Kitz Forum

Chat => Chit Chat => Topic started by: Weaver on August 14, 2022, 07:35:34 PM

Title: Regex speed-up
Post by: Weaver on August 14, 2022, 07:35:34 PM: I have the following data file, courtesy of mr johnson’s custom code in my ZyXEL modems. It is the SNR per tone data:
Code: [Select]
xdslctl: ADSL driver and PHY status Status: Showtime Last Retrain Reason: 8000 Last initialization procedure status: 0 Max: Upstream rate = 286 Kbps, Downstream rate = 3064 Kbps Bearer: 0, Upstream rate = 352 Kbps, Downstream rate = 2676 Kbps Tone number SNR 0 0.0000 1 0.0000 2 0.0000 3 0.0000 4 0.0000 5 0.0000 6 0.0000 7 31.0000 8 34.5000 9 36.5000 10 35.5000 11 33.5000 12 32.5000 13 31.5000 14 29.5000 15 28.5000 16 27.5000 17 26.5000 18 24.5000 19 24.0000 20 23.5000 21 21.5000 22 21.0000 23 19.5000 24 20.0000 25 18.5000 26 17.0000 27 18.0000 28 15.5000 29 14.5000 30 15.0000 31 14.5000 32 0.0000 33 29.1875 34 31.5625 35 33.1875 36 34.0000 37 34.8750 38 35.9375 39 36.6250 40 37.4375 41 37.9375 42 38.6250 43 39.3125 44 39.6875 45 39.4375 46 33.9375 47 39.0000 48 38.5625 49 37.5625 50 37.0000 51 37.0000 52 36.8125 53 36.8750 54 37.0000 55 37.1875 56 37.3750 57 37.5000 58 36.5000 59 36.5625 60 37.2500 61 37.6875 62 37.5625 63 37.5625 64 37.0625 65 37.3750 66 37.1250 67 35.4375 68 36.7500 69 36.3750 70 36.0625 71 35.8125 72 35.3125 73 35.0000 74 34.3750 75 34.3125 76 34.0625 77 33.7500 78 33.4375 79 32.8750 80 32.6875 81 32.1250 82 31.5625 83 31.5000 84 31.0000 85 30.5625 86 30.1250 87 29.6875 88 29.4375
The file is truncated because the rest isn’t relevant to what I’m doing.

Let us call the first field (ASCII decimal number) on a line x and the second y. I’m searching for a given x and then I return the associated y. I use the following regex to do it:
replace( /^\X*\n[ \t]*<x>[ \t]+([0-9.]+)\X+$/, "$1" ); - where "<x>" is to be replaced by the literal ascii decimal search x value, without the < >.

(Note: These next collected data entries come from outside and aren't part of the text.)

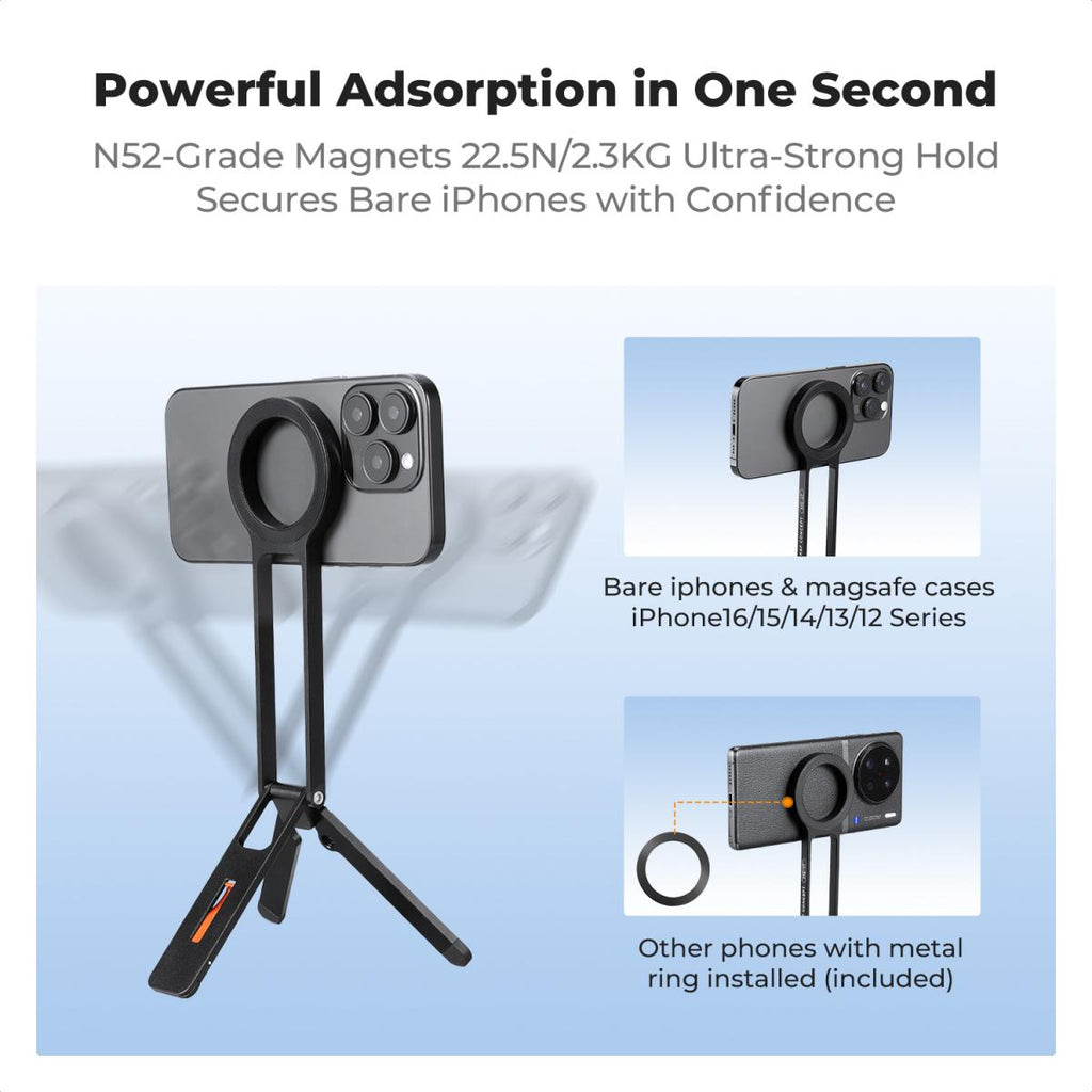 - 1-Second Magnetic Attachment: Features N52-grade magnets with 22.5N/2.3kg ultra-strong holding power for a secure connection to MagSafe iPhones or phones with the included metal ring.
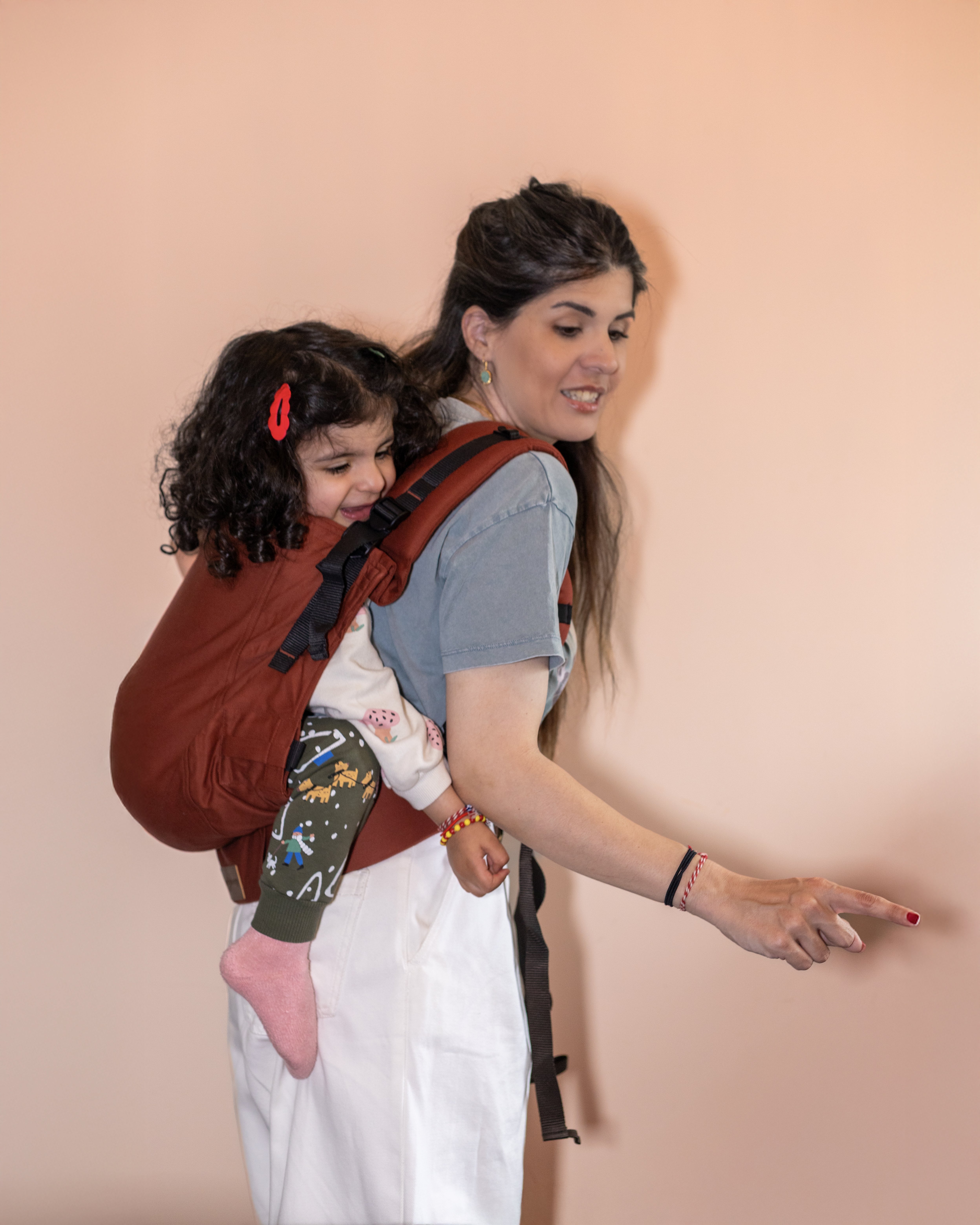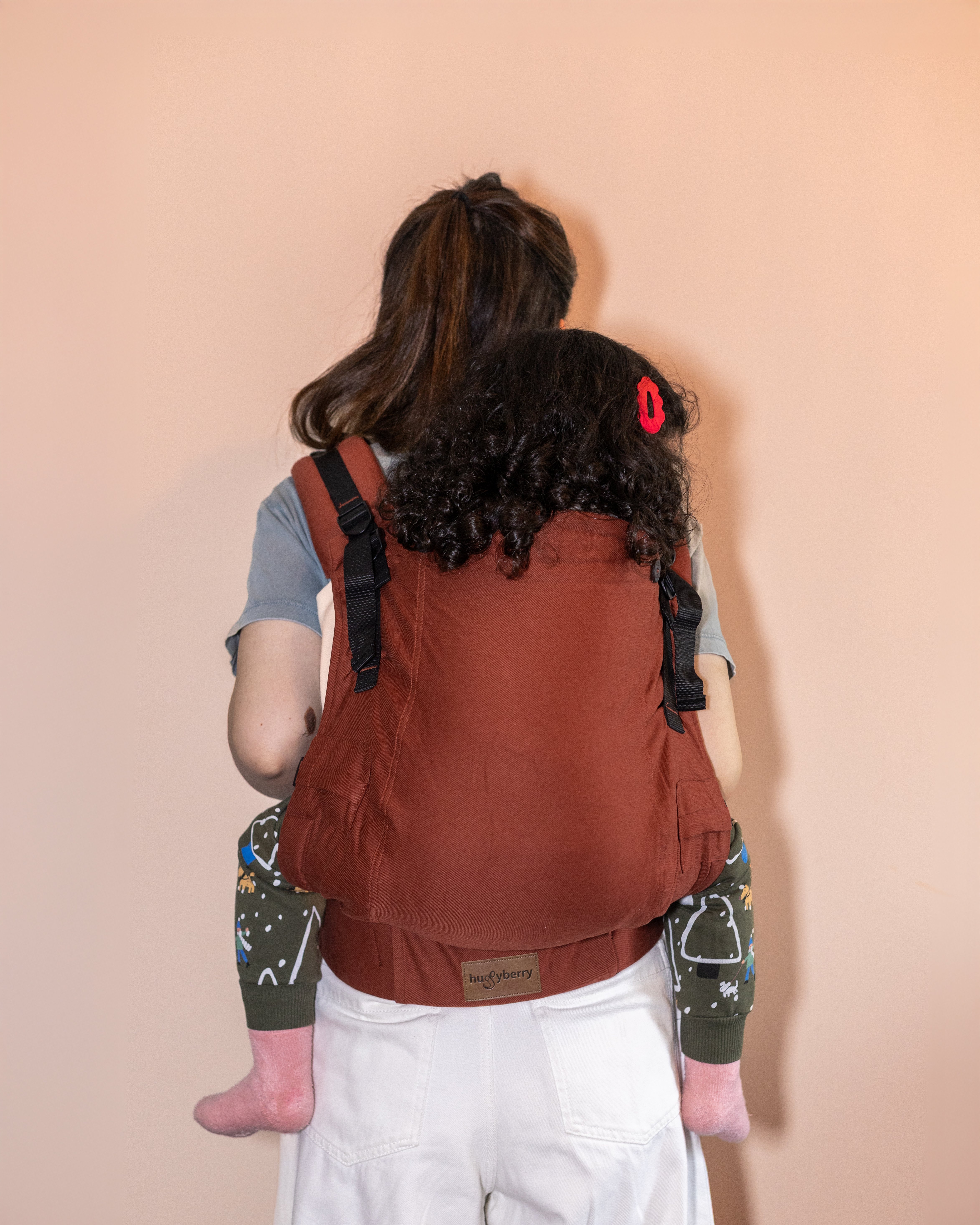 Huggy Plus Toddler Size Carrier - Cocoa tasarımı, uluslararası bebek taşıma toplulukları ve danışmanlarıyla gece gündüz çalışan bir bebek taşıma danışmanı tarafından oluşturulmuştur.
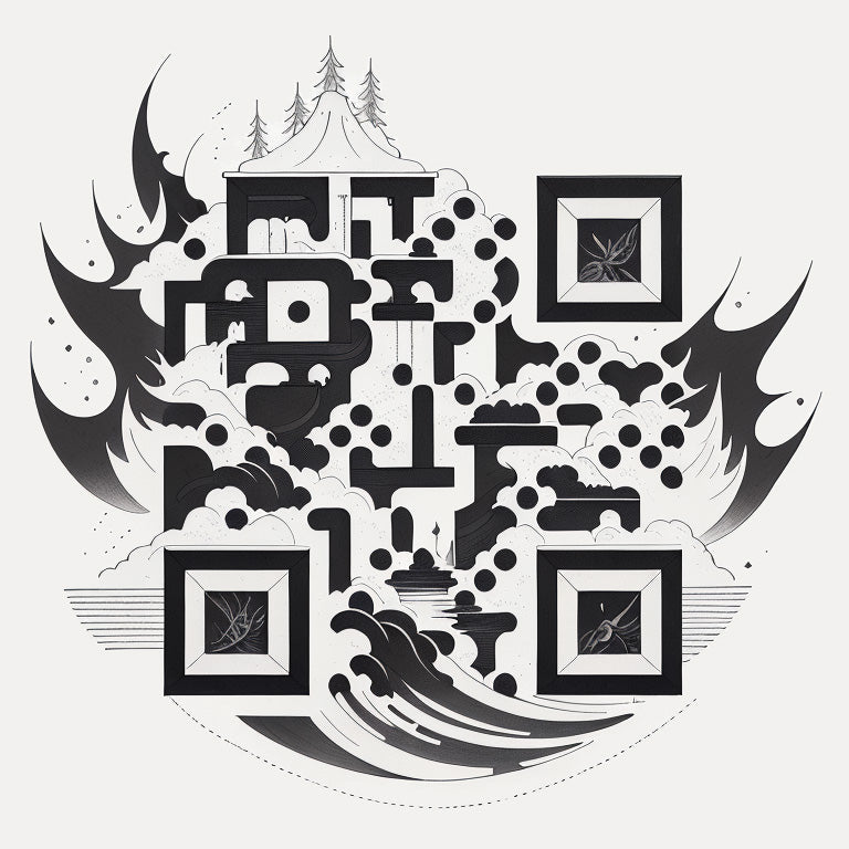 A floating island with abstract waves and hills is depicted in this unique tattoo QR code, blending the surreal and the natural. The island, with its dreamlike qualities, symbolizes freedom and escape, while the QR code is subtly integrated into the swirling waves and hills. This tattoo is perfect for those who appreciate the beauty of fantasy and the power of imagination.
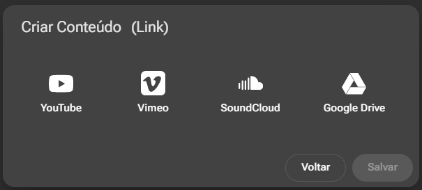 LINK: Conteúdos hospedados em sites terceiros, como o YouTube, Vimeo, SoundCloud e Google Drive, que dependem de um link para visualização.

* My question: do you think I can speed this up by chopping off the first part of the file up to line 35 ?

This is possible because the lowest x-valued query I ever make is around x=40 and the search x is certainly always greater than 35. That’s safe.

I certainly can test the speed myself. I’m writing this in iOS Shortcuts and would need to make two enclosing comparison loops with a large loop-count that search the original vs chopped-off data. But I wanted to hear your opinions before I waste some time.
Title: Re: Regex speed-up
Post by: burakkucat on August 14, 2022, 10:28:26 PM: In your example, above, sub-carriers (tones) 7 to 31 (inclusive) are the US band and sub-carriers (tones) 33 upwards are the DS band of your ADSL2 circuit. Why would you not want to consider the entire range?
Title: Re: Regex speed-up
Post by: Weaver on August 15, 2022, 02:00:34 AM: Because this is only used in HCD detection and the upstream is not considered. The lowest downstream tone ever searched for is something around tone 40, and the highest so far is 88. I am not sure whether or not I’d get a very minor speed increase from chopping off the highest tones, say above 100 (a bit higher than 88 just to be safe in case of future changes). Since the highest part is not searched only discarded, I’m not sure there’s much benefit to be gained.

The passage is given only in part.